### TASK REQUIREMENTS
Write out exactly, and only, the lines below from the line with "Гостей сопровождал проректор" through the line with "By getting a"; pictures do not belong in the copy.

### MATERIAL SHOWN
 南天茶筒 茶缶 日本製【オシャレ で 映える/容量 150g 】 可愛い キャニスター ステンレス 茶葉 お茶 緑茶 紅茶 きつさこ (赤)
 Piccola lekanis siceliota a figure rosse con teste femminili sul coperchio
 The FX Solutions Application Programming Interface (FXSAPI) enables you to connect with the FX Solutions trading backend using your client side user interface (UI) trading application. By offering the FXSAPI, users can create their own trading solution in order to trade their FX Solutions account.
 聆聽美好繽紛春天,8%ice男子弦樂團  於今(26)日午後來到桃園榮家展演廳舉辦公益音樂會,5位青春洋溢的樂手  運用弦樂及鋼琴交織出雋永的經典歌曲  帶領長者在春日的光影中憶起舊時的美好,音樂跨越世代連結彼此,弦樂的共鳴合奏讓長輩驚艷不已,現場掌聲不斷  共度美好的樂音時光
--
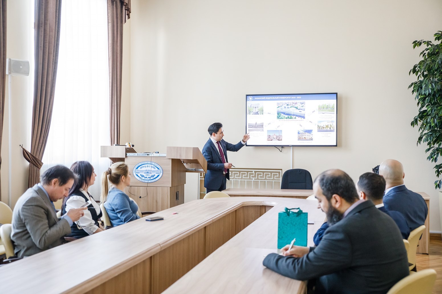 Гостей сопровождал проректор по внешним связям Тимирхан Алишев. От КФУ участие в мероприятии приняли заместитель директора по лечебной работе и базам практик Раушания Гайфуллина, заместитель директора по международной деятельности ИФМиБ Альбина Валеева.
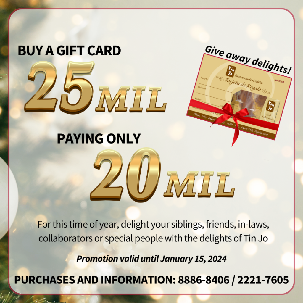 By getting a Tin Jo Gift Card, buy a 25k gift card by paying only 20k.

### RESPONSE BOX
 Гостей сопровождал проректор по внешним связям Тимирхан Алишев. От КФУ участие в мероприятии приняли заместитель директора по лечебной работе и базам практик Раушания Гайфуллина, заместитель директора по международной деятельности ИФМиБ Альбина Валеева.
 By getting a Tin Jo Gift Card, buy a 25k gift card by paying only 20k.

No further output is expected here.